Mark James Scott and Darren Scott, better known by their stage name SHY & D.R.S, are twin Scottish "songwriters" who have achieved Scottish music history securing 4 x Official chart hits independently within the genre of hiphop/pop.

Biography

Beginnings
Born in humble circumstances in Torry, Aberdeen the twin brothers Mark (SHY) and Darren (D.R.S) were discovered by Midge Ure and Virgin Records ex-head of A&R Ronnie Gurr in 2009, and pioneered Scottish Hip Hop.

They gained recognition when Keenan Cahill lip-synched their track "Relapse" on the Internet in 2011.

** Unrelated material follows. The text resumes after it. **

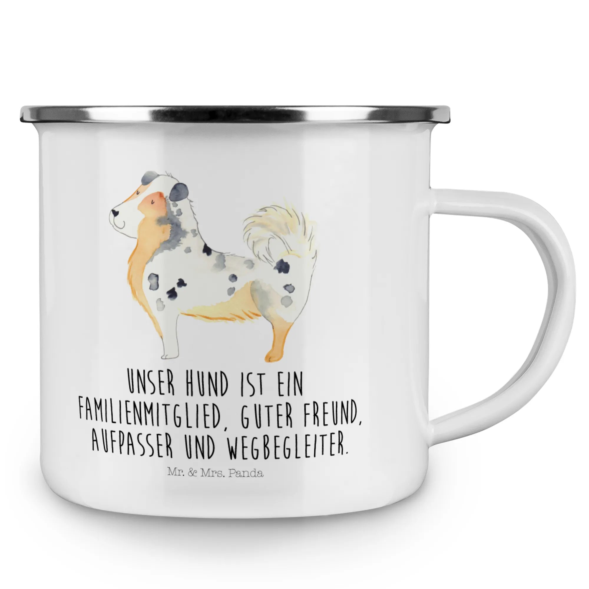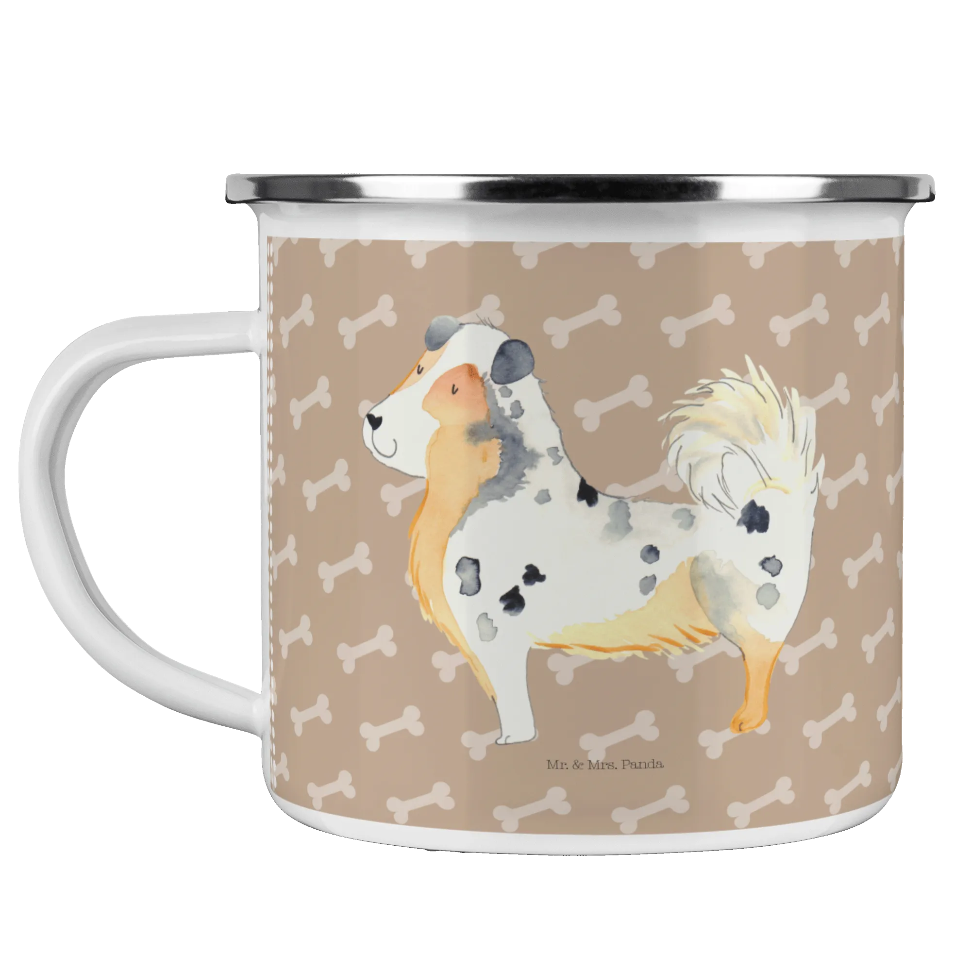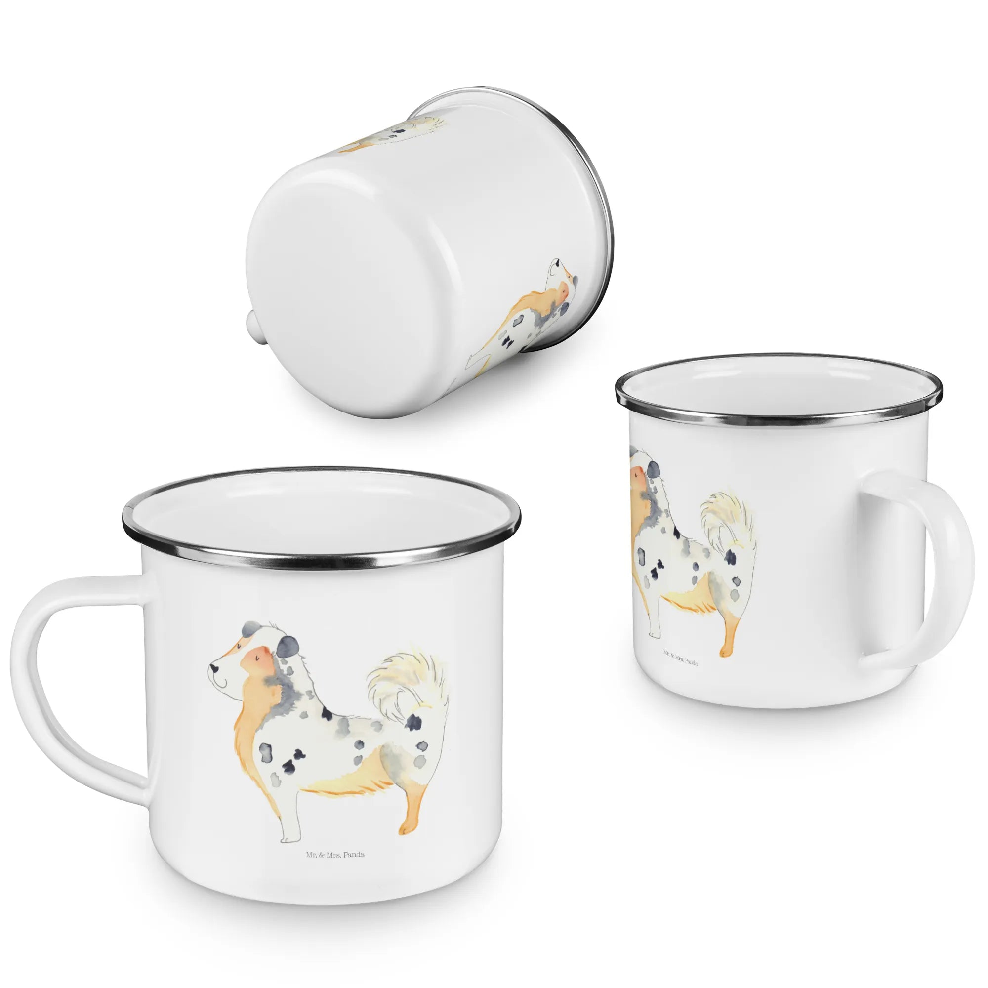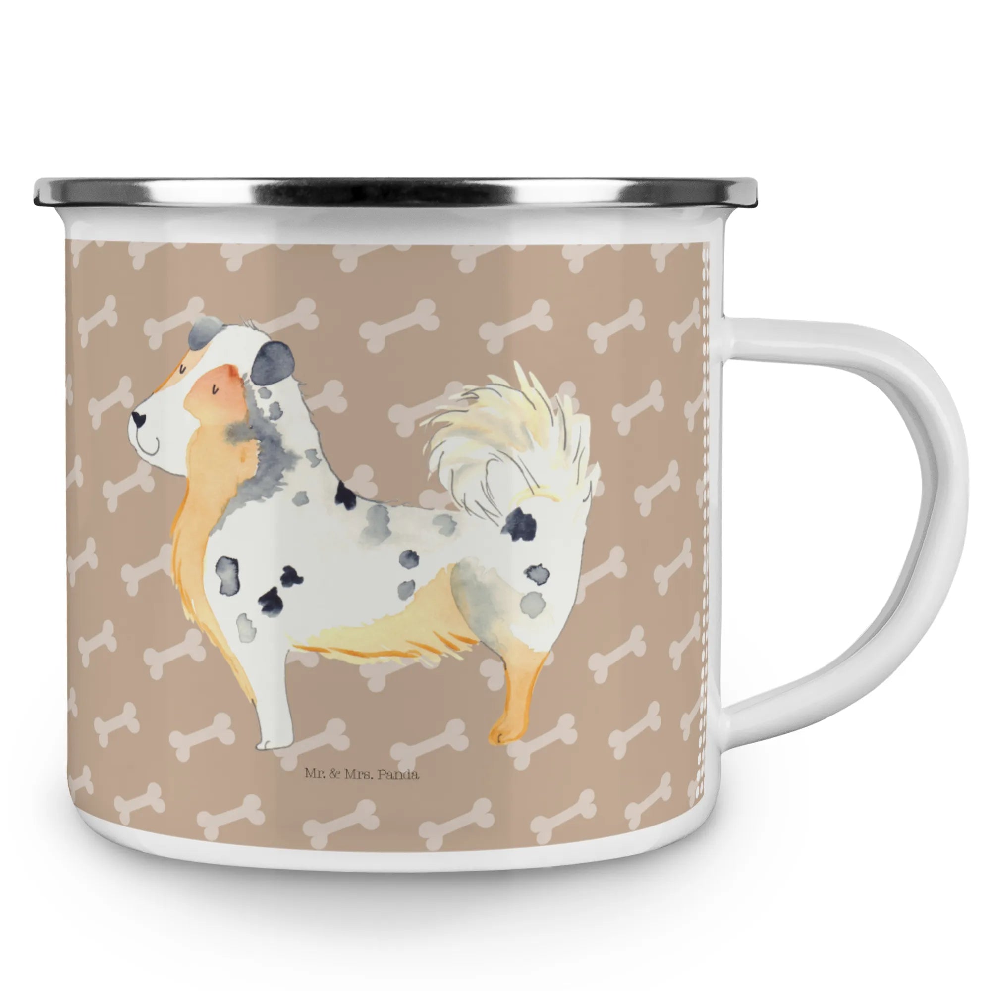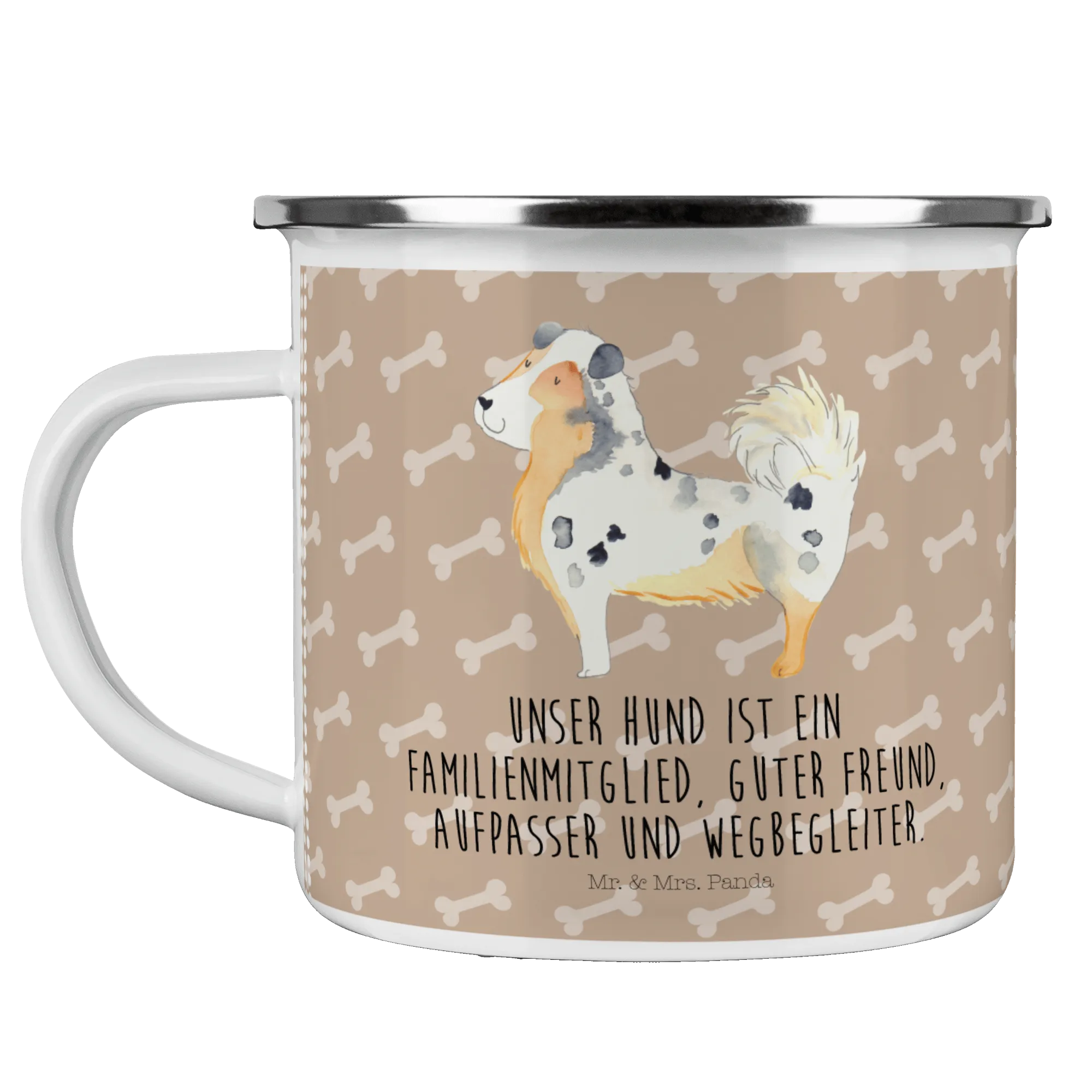 Kempingowy kubek emaliowany Pies Owczarek australijski - z napisem - Hundeglück

2011–2012: Signing and The Love Is Gone 
SHY & D.R.S were signed to Record label Guardian Angels Records, a record label distributed by Fontana Universal and Sony ATV, a record label run by Sandi Thom and Nick Yeatman until 2013, when the label terminated. The debut single featuring Sandi Thom charted in the Official Chart at number 32.  In an interview in October 2012, SHY & DRS revealed it was actually filmed in 2009 and the accompanying music video was based on the movie, Sin City.
The music video was premiered VEVO on September 12, 2012, and played on Music Television on 21 September 2012 The single made was included in Scottish Radio DJ Jim Gellatly's "Scotland's Greatest Album" in December 2012.

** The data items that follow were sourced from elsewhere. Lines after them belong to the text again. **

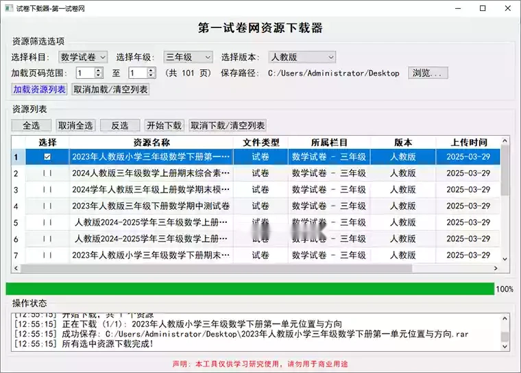 - 如人教、苏教、北师大等,工具可批量下载,下载后的试卷全是压缩包
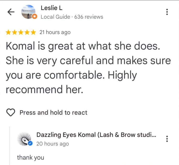 Founded in 2020 by Komal, Dazzling Eyes, is a renowned lash & brow studio based in Vaughan, ON.
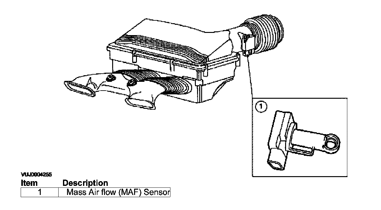 The mass air flow (MAF) sensor informs the PCM of the rate of air flow entering the engine by producing a voltage which is proportional to the rate of air flow into the engine. The voltage produced by the MAF sensor increases as the rate of air flow increases. The MAF sensor also takes into account the density of the air entering the air intake system so that it is possible to maintain the required air to fuel ratio, and to compensate for variations in atmospheric pressure.
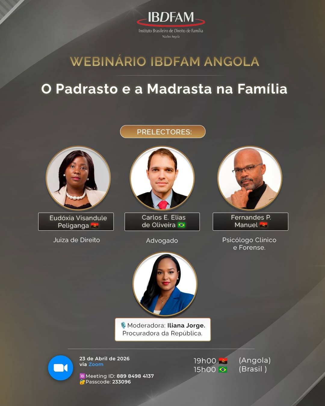 O webinário, promovido pelo Núcleo Angola do IBDFAM, acontece via Zoom, às 19h (horário local de Angola) e às 15h (horário do Brasil).
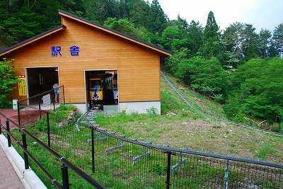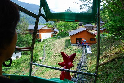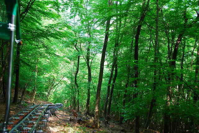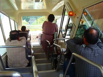 右は、ケーブルカー内部の写真 (傾斜に沿った室内が、解かりますか ?)
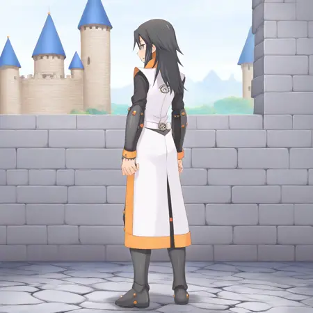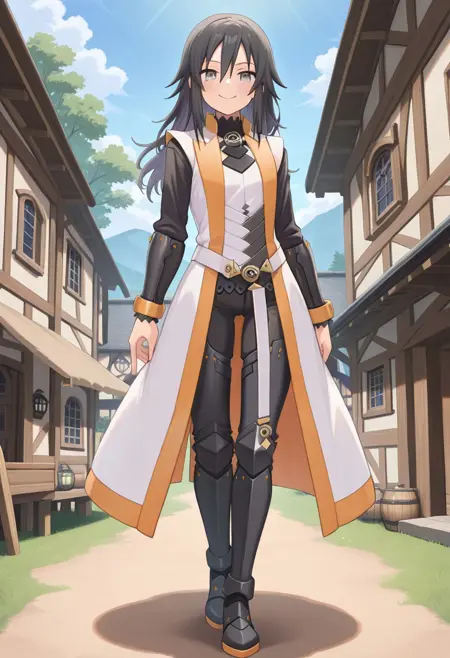 提示词: Azlier_SN,黑发,刘海,头发遮住眼睛,长发,鬓发,灰眼睛,白色外套,有领外套,无袖外套,敞开外套,护喉,黑色护喉,胸针,白衬衫,高领衬衫,黑色高领,黑色袖子,盔甲,腰带,护臂,黑色长裤,胫甲,金属靴,

2012-2013: Relapse, I've Got (Enough Love) and Before Too Long 
In July 2013, SHY & D.R.S released their debut studio album, Before Too Long, which features guest vocals from multi-platinum Singer songwriter Sandi Thom, Rock legends Nazareth, Eminem's band D12 and Daniel de Bourg. The album entered into the Top 20 iTunes Hip hop Chart and remained there for six consecutive weeks.

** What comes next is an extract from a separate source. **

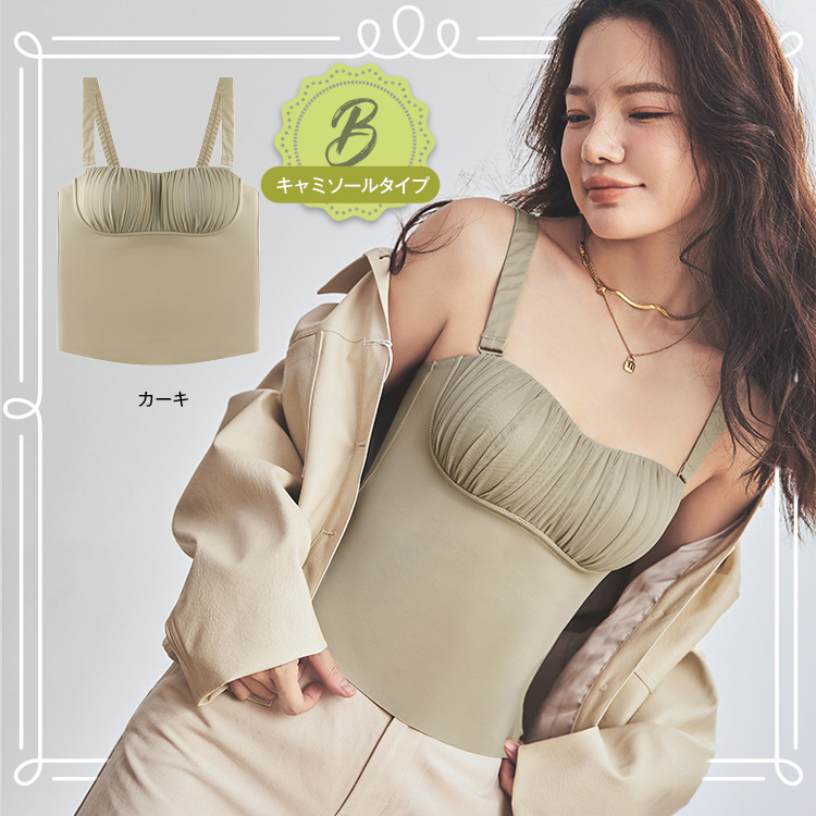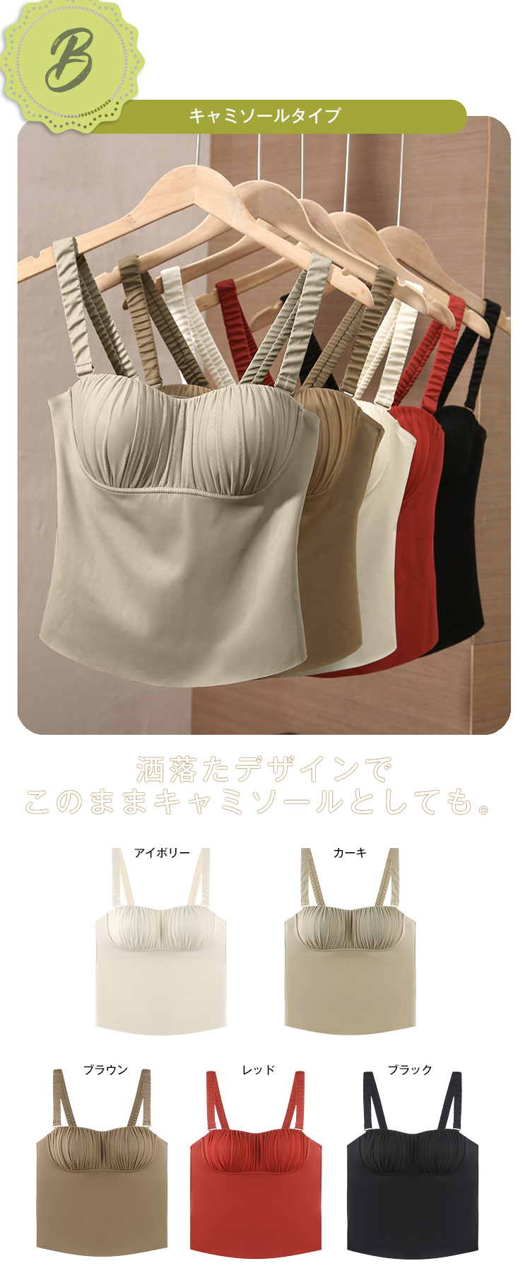 02: A:(ブラ)-アイボリー A:(ブラ)-カーキ A:(ブラ)-ブラウン A:(ブラ)-レッド A:(ブラ)-ブラック B:(キャミソール)-アイボリー B:(キャミソール)-カーキ B:(キャミソール)-ブラウン B:(キャミソール)-レッド B:(キャミソール)-ブラック
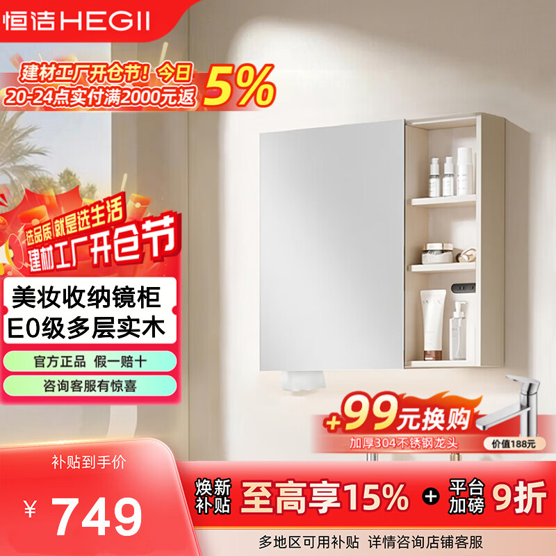 恒洁【单独镜柜不含主柜】步入感应LED半开放收纳美妆镜柜2503S 【美妆收纳镜柜不含主柜】75CM

In 2013, they released single "I've Got (Enough Love)" accompanied with a music video to VEVO which featured rock legends Nazareth. The single was covered by Classic Rock magazine. They were also featured on Keenan Cahill's first single "Closer" in November 2014 which was shared by the likes of Ryan Seacrest, Family Guy star Seth Green & Austin Mahone and has amassed over half a million views combined worldwide.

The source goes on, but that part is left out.